American judge (1853–1924)

Almet Francis Jenks (May 21, 1853 - September 18, 1924) was an American lawyer and judge from New York. He was a justice of the New York Supreme Court.

==Early life==
Jenks was born in Brooklyn, New York on May 21, 1853. His father was Grenville T. Jenks, a lawyer. His great-grandfather was John Phililips, the first mayor of Boston.

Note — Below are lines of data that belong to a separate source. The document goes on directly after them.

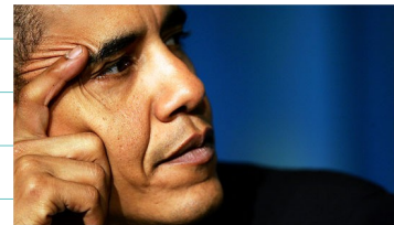
The Future President?

Undecided: 18 Barack Obama: 11 Rudy Giuliani: 8 Hillary Clinton: 4 John McCain: 2
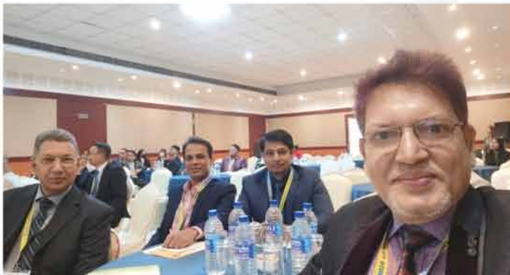
IBCCI delegates at the One Day International Business Summit, 2022 "Gateway Manipur-Connecting ASEAN Countries" on 24th November 2022 at Sangai Hall, Hotel Imphal by the Classic.
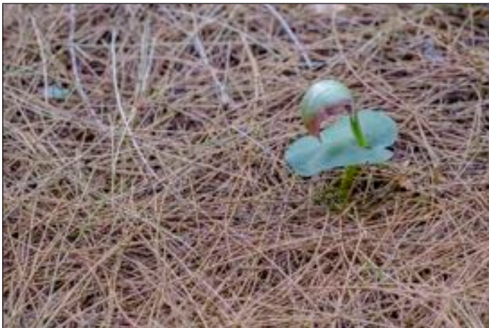
Corybas aconitiflorus
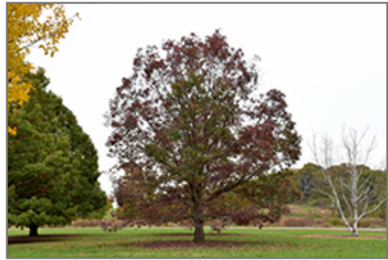
White Oak in fall

White Oak will grow to be about 90 feet tall at maturity, with a spread of 70 feet. It has a high canopy of foliage that sits well above the ground, and should not be planted underneath power lines. As it matures, the lower branches of this tree can be strategically removed to create a high enough canopy to support unobstructed human traffic underneath. It grows at a slow rate, and under ideal conditions can be expected to live to a ripe old age of 300 years or more; think of this as a heritage tree for future generations!
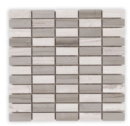
MODERNIQUE C - 12" X 12" (30911)
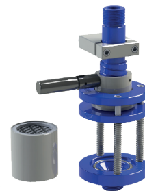
Filter holder TPHP (quick replacement of filters)

A simple rotational movement of the handle releases the cartridge holder of filter paper holder without need of disconnecting it from air sampling circuit.
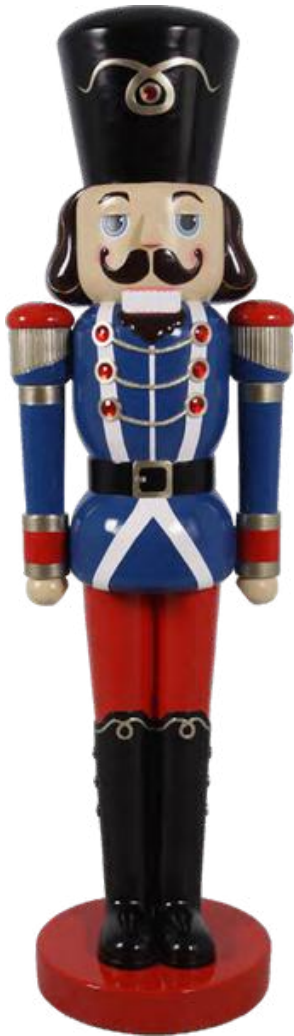
XN4218BR 6 FT
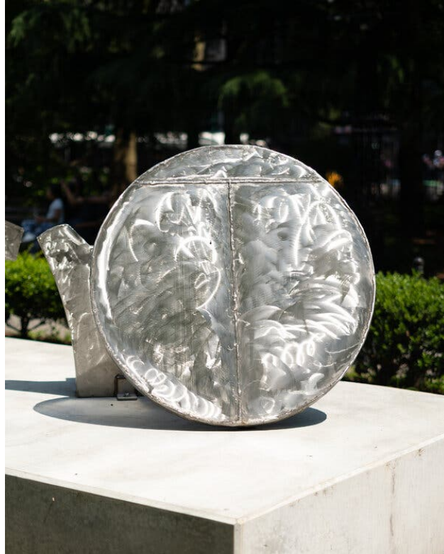
Edwards's "Ukpo. Edo," 1992/1996 at City Hall Park.

Melvin Edwards came to prominence as a sculptor with his tough, abstract "Lynch Fragments," begun in 1963. Made with welded-together scraps of metal, the series drew from both African sculpture and European and American modernism, perfectly conveying the awful, violent, twisted nature of its subject matter. "Brighter Days" located in City Hall Park in Lower Manhattan, which is also the site of the 18th-century African Burial Ground, a cemetery where both free and enslaved people were buried, serves as a small survey of Edwards's larger works. The sculptures in "Brighter Days" are less visceral and more monumental than the "Lynch Fragments," resembling the abstract, burnished steel sculptures of David Smith. Some, like "Song of the Broken Chains" (2020), elegantly memorialize the enslaved ancestors. Others, like "Ukpo. Edo" from the '90s refer directly to African precedents. (Ukpo is a dish made in Nigeria with plantains.) Last summer, a few yards from these sculptures, Black Lives Matter activists took over a section of this area, reminding you that the history and struggle Edwards refers to in his sculptures is hardly over.
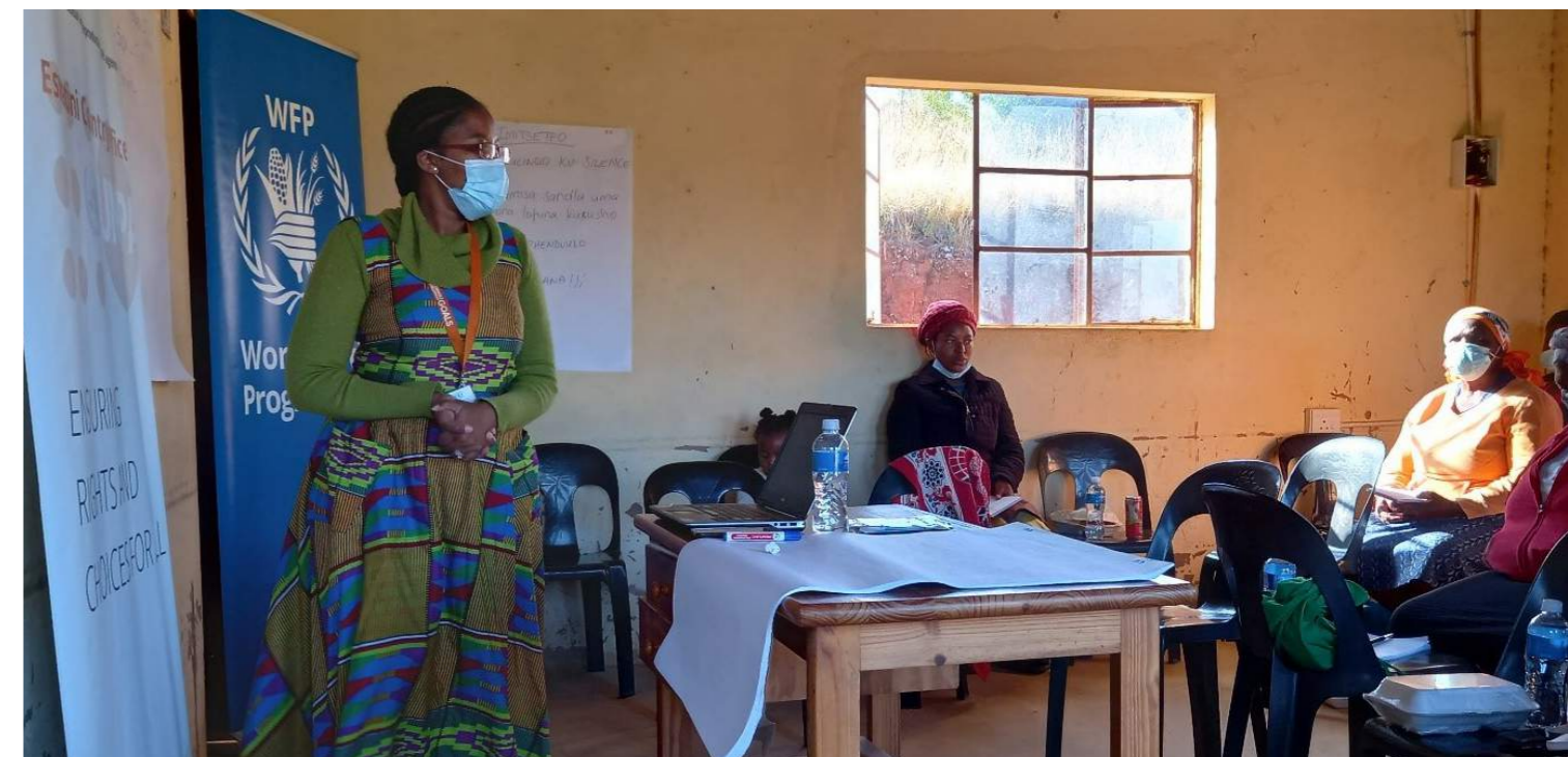
UNFPA gender specialist conducting a training session on gender issues.

WFP and FINCLUDE will identify existing and new clusters across the country, and develop an action plan to avoid duplications. The market-ready clusters will be linked to identified markets and supported holistically to ensure high performance in agronomic practices, financial management and value addition.
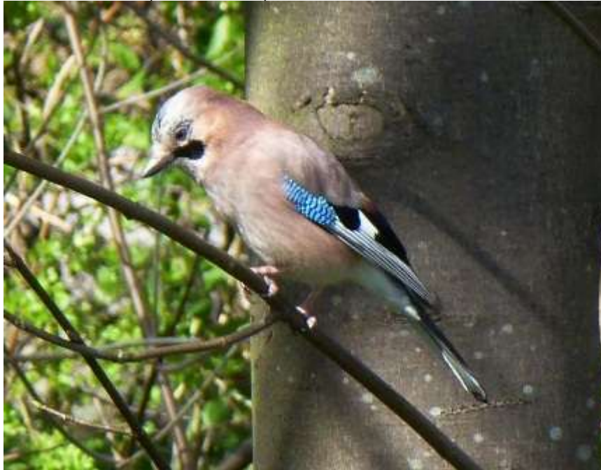
Jay at East India Dock Basin
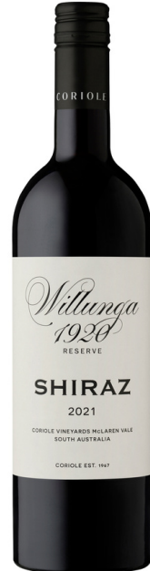
WILLUNGA 1920 RESERVE SHIRAZ

The soil and roots are extremely deep and generally no irrigation is required. The wine is matured in French oak for approximately 18 months and then receives 18+ months in bottle before release.
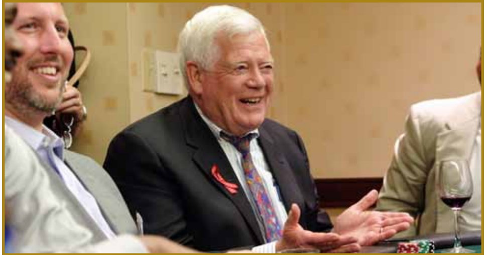
Congressman Jim McDermott (D-7th-WA) joins other members of Congress and congressional staff to support the Congressional Award at the Charity Poker Event.
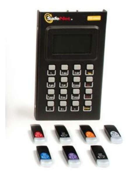
Figure 3-1. Luna PED and iKeys
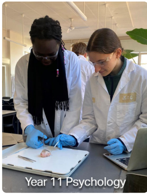
Year 11 Psychology

He graduated from Yale University in 1875. While at Yale, he was a member of Skull and Bones and was the editor of the Yale Literary Magazine. He earned a Bachelor of Laws from Columbia University in 1877.

== Career ==
Jenks was a junior member of the Ward & Jenks law firm from 1878 to 1884. In 1884, he became the assistant district attorney of Kings County, New York. From 1886 to 1894, he was the corporate counsel of Brookyn.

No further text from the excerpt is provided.